Do u liek mudkipz GO TROLLING

sally stole a t.v what happend next? she was arested

How do you drown a blonde? You hold her head underwater for a long time.

A duck walk into a bar and asks the bartender for a drink. The bartender hands him a glass and the duck drinks it. After finishing his drink he ruminates about how drowning his misery with booze won't solve a thing in his life. He decided he'll call his ex-wife and apologize and goes back home.

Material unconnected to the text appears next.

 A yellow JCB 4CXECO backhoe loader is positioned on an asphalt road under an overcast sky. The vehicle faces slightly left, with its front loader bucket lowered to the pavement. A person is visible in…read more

Whats a black persons favorite flavored cake? fried chicken.

wuts the diference between a black guy and arab? black guy kills whitye guy arab lijkes black guy (no jews or **** thou)

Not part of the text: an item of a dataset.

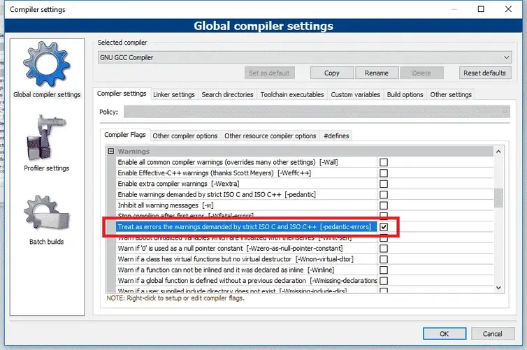 通过“设置”菜单 >“编译器”>“编译器标志”选项卡禁用编译器扩展,然后找到并选中 -pedantic-errors 选项。

Dear Chase. You are retarded Your jokes suck Violets are red jump off a bridge

A blonde, a brunette and a redhead are all stranded on a desert island for a few weeks. They get to know each other really well.

Why couldn't Hellen Keller drive? Because she was both deaf and blind and both senses are essential to a driver

Hey I just met you, and this is crazy, but I'm your stalker, welcome to my deserted warehouse.

Welcome To Facebook

Knock Knock. Who's There? silence... Damn kids and their evasive tactics.

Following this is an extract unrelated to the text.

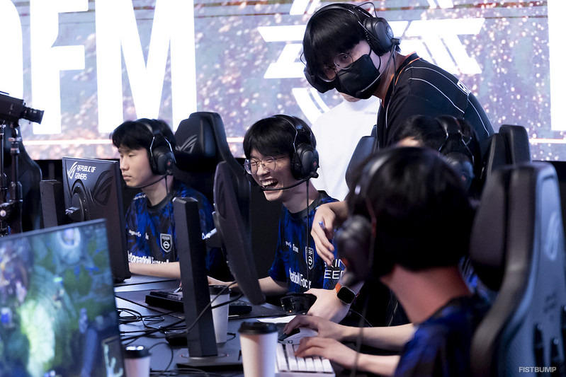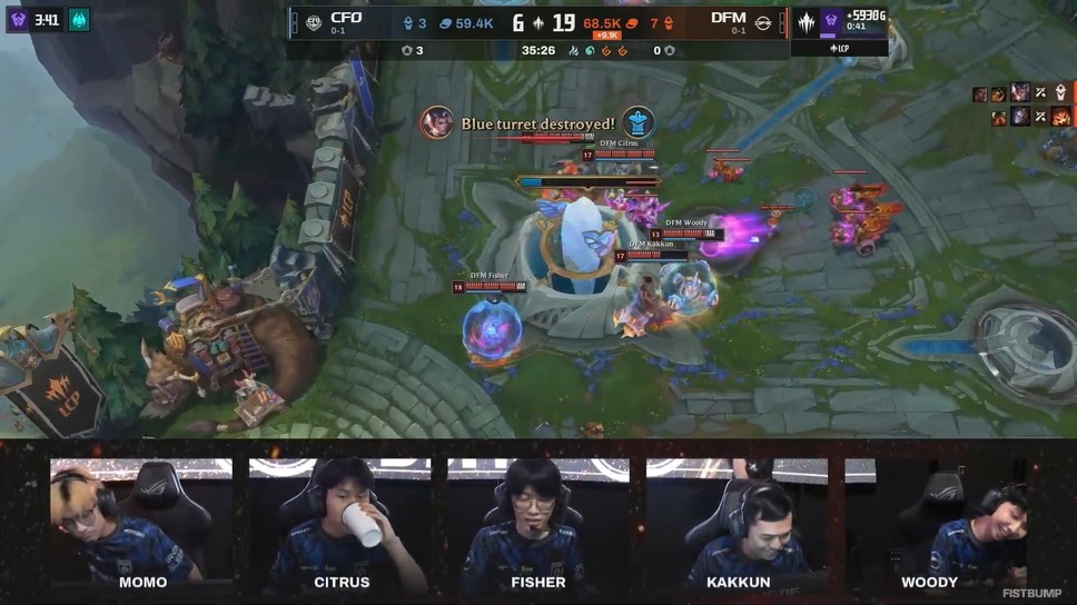 Game 1は序盤こそCFOが良い形で試合を進めるかに見えたものの、中盤からキルを獲り始めたDFMがストレートでドラゴンソウルを獲得。バロンも含めたオブジェクトのバフを土台に、まずは1勝を果たしました。しかしGame 2では先の試合と真逆の展開に。序盤良かったDFMでしたが、中盤の時間帯に主導権を握ったCFOがスノーボールを決めて勝利しました。

what did the blind man say as he past the fish market? he asked one of the fisherman if they had any fresh catch that day and bout three tuna steaks for his wife and son

Who did the Vampire bite? No one because vampires aren't real.

69

So I went to my grandmothers house at 7 and left at 8.

What's the difference between God and Kanye West? God doesn't think he's Kanye West.

Why is 6 afraid of 7? It's not. Numbers are not living organisms and thus are incapable of experiencing emotion.

Why can't Anne Frank drive? Because she's dead.

What's funny about a blond, a brunette, and a red-head, drunk in a Cadillac? Everyone knows integration is a myth.

Why did the little girl fall off the swing? Because she had no arms

Why did the man run? Because he was trying to get a gold medal for the 200m at the Olympics.

What's 6 + 9? 15.

What happens when you stab yourself in the heart? You die.

Anti Joke

What are Antijokes? Anti Jokes (or Anti Humor) is a type of comedy in which the uses is set up to expect a typical joke setup however the joke ends with such anticlimax that it becomes funny in its own right. The lack of punchline is the punchline.

Our Updated iOS App!

We've just released huge update to the iOS app! Now, access all your favorite text and photo sites like Anti-Joke, DIYLOL! A few things didn't make the original cut (like comments) but they'll be back soon. Best of all, the app is now FREE! Get it here.

The Anti Joke Book


NEW ANTI-JOKE BOOK!  Now that we've resolved the printing issues with our publisher, check out the BRAND SPANKING NEW Anti-Joke Book!

MOAR??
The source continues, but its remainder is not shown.